The same proteins that allow whales to dive without breathing for up to two hours could be harnessed by medical experts to develop useful synthetic blood, according to research published this week in the Journal of Biological Chemistry.
The quest to develop synthetic blood for use in human trauma patients has been two decades in the making, but now Rice University biochemist John Olson and his colleagues have found that deep-diving mammals have a more stable version of myoglobin, a protein that holds oxygen for use inside muscle cells.
This allows whales to produce larger amounts of myoglobin than humans, Olson explained in a statement. In fact, the creatures can pack 10 to 20 times more of this protein into their muscles than a human. This allows them to “download” oxygen directly into their skeletal muscles and stay active, even when they are holding their breath at great depths, he added.
“Whale meat is so dark because it’s filled with myoglobin that is capable of holding oxygen.
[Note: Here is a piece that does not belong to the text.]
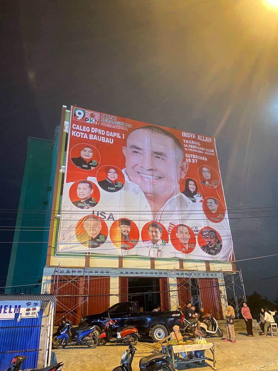 Baliho spektakuler ini menampilkan wajah 11 Calon Anggota DPRD Kota Baubau Dapil 1 dari PKN, dengan menampilkan masing masing nama panggilan dan nomor urut antara lain Kumbu (No. 1), Natsir (No. 2), Popy (No. 3), Hamuri (No. 4), Kamla (No. 5), Nuriana (No. 6), Aba (No. 7), Lili (No. 8), Aping (No. 9), Triad (No. 10), dan Fin (No. 11).

But when the myoglobin is newly made, it does not yet contain heme, an iron-filled compound that forms the nonprotein part of hemoglobin,” said Olson. “We found that the stability of heme-free myoglobin is the key factor that allows cells to produce high amounts of the protein.”
Olson has spent 20 years studying hemoglobin, a larger and more complex oxygen-transporting protein found in blood, with the goal of creating synthetic blood for use in transfusions. He wants to create a strain of bacteria capable of generating massive amounts of this protein, and now he is one step closer to that goal thanks to this new discovery.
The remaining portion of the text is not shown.